The terms of the bailout programme have confirmed that the European Commission and the IMF support the Government’s budgetary strategy which will damage the poor, the sick, the vulnerable and the unemployed. It is not acceptable that the IMF claim it is protecting poor people when this is patently not the case.

It is totally unacceptable that the European Commission, the IMF and the Irish Government develop and implement a programme which will see Ireland’s weakest groups take the major part of the ‘hit’ for the reckless actions of greedy bankers, incompetent regulators and an inept government. It is important to note that they are doing this while failing to deal effectively with the underlying problem of the moral hazard where banks are allowed to act recklessly knowing they will always be rescued by the taxpayer.
It is clear that the European Commission, the IMF and the Irish Government, have decided that those who are rich and/or strong will not be asked to make sacrifices while those who are weak and poor will bear the brunt of the Government’s budget adjustments. This can be seen clearly in the proposals to:

  • Reduce welfare rates (which will hit the weakest and poorest as well as increasing poverty);
  • Bring the working poor into the tax net which will deepen their poverty (a quarter of all households at risk of poverty are headed by a person WITH a job);
  • Reduce the funding for programmes providing services to people who are ill, old, caring or have a disability (i.e. Ireland’s most vulnerable people).

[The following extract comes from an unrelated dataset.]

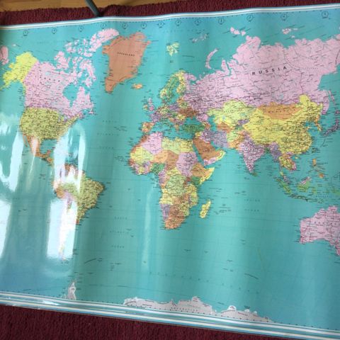 Maailmankartta, jossa Afrikan mantere on korostettuna. Juliste sisältää maantieteellisiä tietoja Afrikasta, kuten maiden rajat ja pääkaupungit. Lev.n.130cm kork.n.180cm

Social Justice Ireland fully acknowledges the gravity of the present situation which has been caused by a variety of groups including bankers, regulators and government itself. Very difficult decisions must be made and made quickly if the present decline is to be reversed. It is in the interest of all Irish people that the correct decisions be made now.   However, those decisions must be fair and just. The bailout agreement is n neither fair nor just.